Consideration of the application for extension of time

  1. In accordance with r 133A(5), I can only extend the time to lodge the appeal if I am satisfied ‘in exceptional circumstances, that to lose the right to make the relevant application would work demonstrable and substantial injustice.’

  2. Whether there are exceptional circumstances and whether the party seeking an extension can show demonstrable and substantial injustice would occur if leave were not granted, is “a composite expression in the rule to be dealt with within jurisdiction.”[6] I must therefore determine whether exceptional circumstances exist and whether a demonstrable or substantial injustice would occur if leave was not granted.

    [6] Bryce v Department of Corrective Services [2009] NSWCA 188, [10], per Allsop P (Beazley and Giles JJA agreeing).

  1. In Yacoub v Pilkington (Australia) Ltd,[7] Campbell JA explained what constitutes exceptional circumstances. His Honour concluded that:

    “(a)    Exceptional circumstances are out of the ordinary course or unusual, or special, or uncommon. They need not be unique, or unprecedented, or very rare, but they cannot be circumstances that are regularly, routinely or normally encountered;

    (b)     Exceptional circumstances can exist not only by reference to quantitative matters concerning relative frequency of occurrence, but also by reference to qualitative factors;

    (c)     Exceptional circumstances can include a single exceptional matter, a combination of exceptional factors, or a combination of ordinary factors which, although individually of no particular significance, when taken together are seen as exceptional;

    (d)     In deciding whether circumstances are exceptional within the meaning of a particular statutory provision, one must keep in mind the rationale of that particular statutory provision, and

    (e)     Beyond these general guidelines, whether exceptional circumstances exist depends upon a careful consideration of the facts of the individual case.” (citations omitted)

    [7] [2007] NSWCA 290, [66].

  2. A careful consideration of the facts in this matter discloses that both counsel for the appellant and the appellant’s solicitor were somewhat less than diligent in attending to the filing of the appeal. The practice of leaving the appeal to be filed to the 11th hour on the last available day is tempting fate and not a practice that should be followed. However, the complications relating to the appellant’s efforts at that time to file the appeal, which involved a combination of issues arising from technological difficulties, and which the appellant’s solicitor went to some lengths to overcome, tend to weigh in favour of concluding that exceptional circumstances exist. As the appeal was filed on the 28th day at a relatively short time after the time it was required to be filed, and the respondent was served with the sealed document just after midday on the following day, I can see no prejudice to the respondent, either in the preparation of its response to the appeal or in terms of the respondent’s right to rely upon the decision made.
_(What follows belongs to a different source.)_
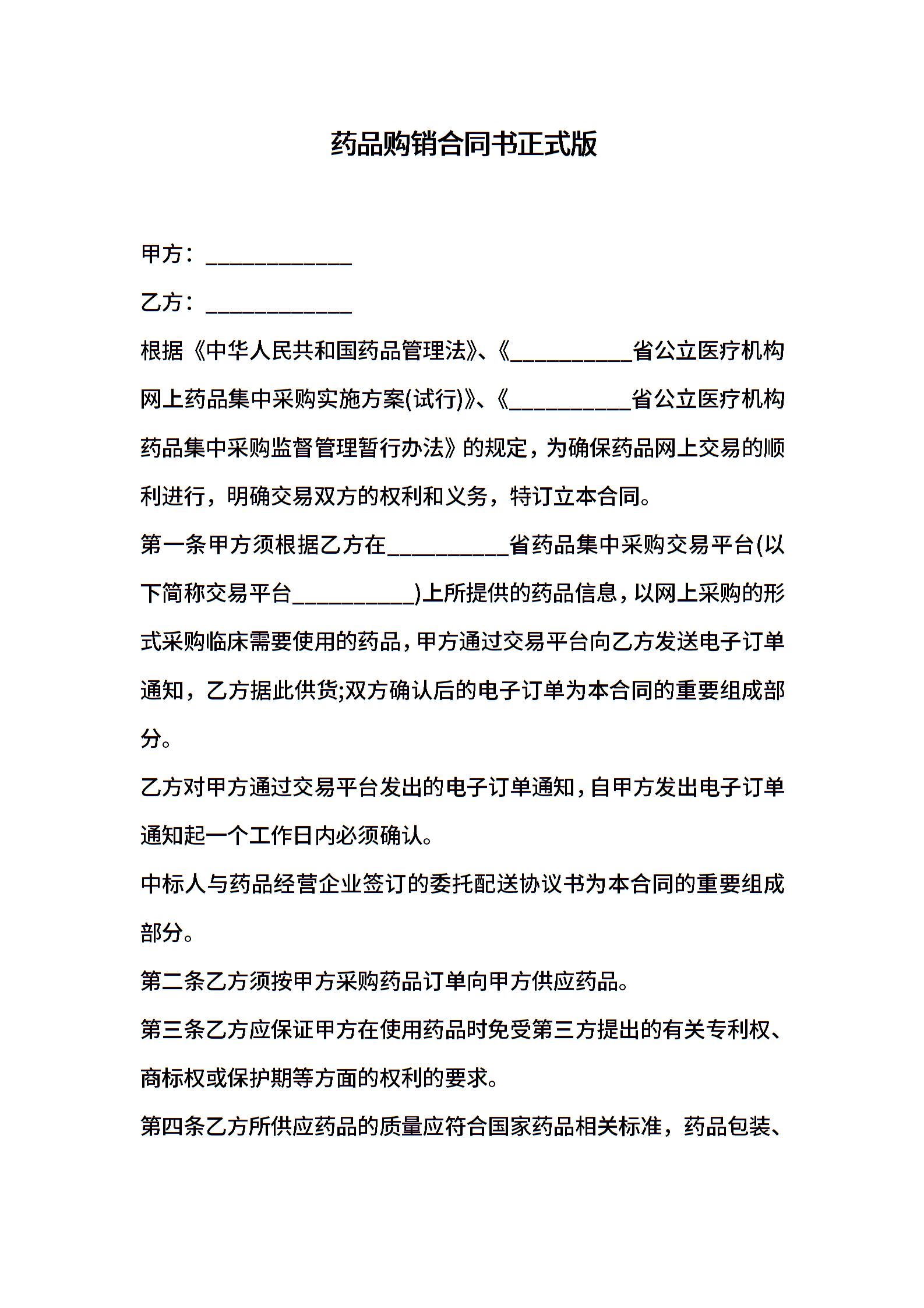药品购销合同书正式版

  3. On balance, I conclude that the combination of a number of unforeseen technical difficulties and the fact that the appeal was filed less than one and a half hours after the time to appeal had expired, together constitute exceptional circumstances. I am, however, required to also consider whether, in those exceptional circumstances a demonstrable or substantial injustice would occur if leave were not granted. In order to be so satisfied, I need to consider the merits of the appeal.

  4. The appellant brings one ground of appeal, alleging:

    “Error of fact and law in finding the respondent acted reasonably when he was given less than 24 hours’ notice to attend the Show Cause Meeting.”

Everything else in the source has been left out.